Mais perto da vida artificial

Se você passou por alguma banca de jornais esta manhã, já deve ter visto as manchetes com grande destaque para uma das mais importantes notícias de ciência da década: pela primeira vez, cientistas conseguiram criar uma célula controlada por um genoma inteiramente sintético, criado a partir de instruções de computador.

O genoma da bactéria Mycoplasma mycoides – composto por 1,08 milhão de pares de bases dispostas em um único cromossomo – foi implantado em uma célula natural de outra bactéria cujo material genético havia sido removido. A célula obtida comportou-se como as bactérias da mesma espécie que ocorrem na natureza e mostrou-se capaz de se reproduzir de forma contínua.

“Trata-se de um trabalho fantástico, um tour de force tecnológico”

O feito é mais uma obra do grupo do geneticista norte-americano Craig Venter, que já havia sintetizado o genoma de uma bactéria e conseguido transplantar o genoma de um microrganismo para outro. A novidade anunciada hoje é fruto de 15 anos de pesquisas de Venter e uma equipe de duas dezenas de pesquisadores, que consumiram cerca de 40 milhões de dólares.

Publicada com destaque na edição de hoje da Science, a proeza foi recebida com entusiasmo por pesquisadores da área. “Trata-se de um trabalho fantástico, um tour de force tecnológico”, avalia o geneticista Sergio Danilo Pena, professor da Universidade Federal de Minas Gerais (UFMG) e titular da coluna Deriva Genética, da CH On-line.

No futuro, a técnica poderá ser usada para criar microrganismos com genoma artificial que sintetize proteínas de interesse econômico – capazes de descontaminar águas poluídas ou de atuar como vacinas ou biocombustíveis, por exemplo. “Este avanço tecnológico promete possibilidades fantásticas e otimistas de produzir microrganismos capazes de fazer o que quisermos”, resume Sergio Pena.

Genoma sintético, citoplasma natural

O microrganismo produzido pela equipe de Craig Venter tem o genoma da bactéria Mycoplasma mycoides, além de sequências genéticas que atuaram como marcadores inseridos para identificar as sequências sintetizadas em laboratório.

O genoma artificial foi implantado no citoplasma de uma célula não sintética da bactéria Mycoplasma capricolum.

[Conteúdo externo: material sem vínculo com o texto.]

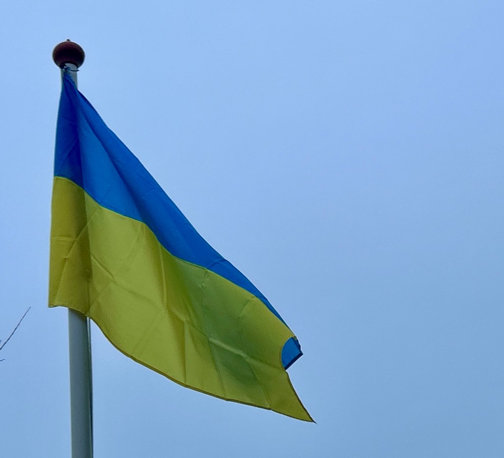 De vlag van Oekraïne bestaat uit twee even brede horizontale banen van blauw en geel.
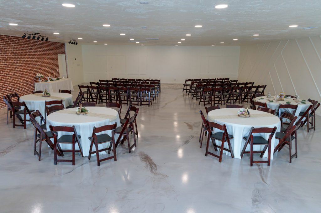 Nestled in the heart of Riverton, Utah, our event center is designed to inspire & elevate your gatherings. The moment you step into our space, you’ll be greeted by the warmth of our brick accent wall, the contemporary elegance of the opposing geometric wall, & the stunning floor. These architectural features provide a unique backdrop, creating an ambiance to complement your vision.

A nova célula obtida foi ‘reinicializada’ e o genoma sintético passou a produzir normalmente as proteínas da M. mycoides, exatamente como fazem as bactérias dessa espécie encontradas na natureza.

O grupo enfrentou um grande obstáculo, no entanto: a ‘linha de montagem’ genômica dos laboratórios só é capaz de sintetizar pequenas sequências de bases a cada vez. “A síntese do genoma do Mycoplasma foi espetacular principalmente porque ele foi montado a partir de pequenos fragmentos de cerca de 60 bases apenas – é o máximo que se consegue sintetizar com baixa taxa de erros”, explica Sergio Pena.

Vida artificial?

A notícia da bactéria com o genoma sintético foi publicada com destaque na imprensa de todo o mundo. Alguns pesquisadores se manifestaram com entusiasmo incontido. Em reportagem publicada na própria Science, o filósofo Mark Bedau, editor do periódico Artificial Life, não hesitou em qualificar o feito como “um momento definidor na história da biologia e da biotecnologia”.

Ainda é cedo para dizer que foi criada vida artificial

No Brasil, os grandes jornais também relataram a novidade com otimismo. Mas ainda é cedo para dizer que foi “criada vida artificial”, como destacou O Globo em manchete.  O físico Adilson de Oliveira, professor da Universidade Federal de São Carlos e colunista da CH On-line, pede cautela no texto que publicou hoje em seu blogue sobre a novidade.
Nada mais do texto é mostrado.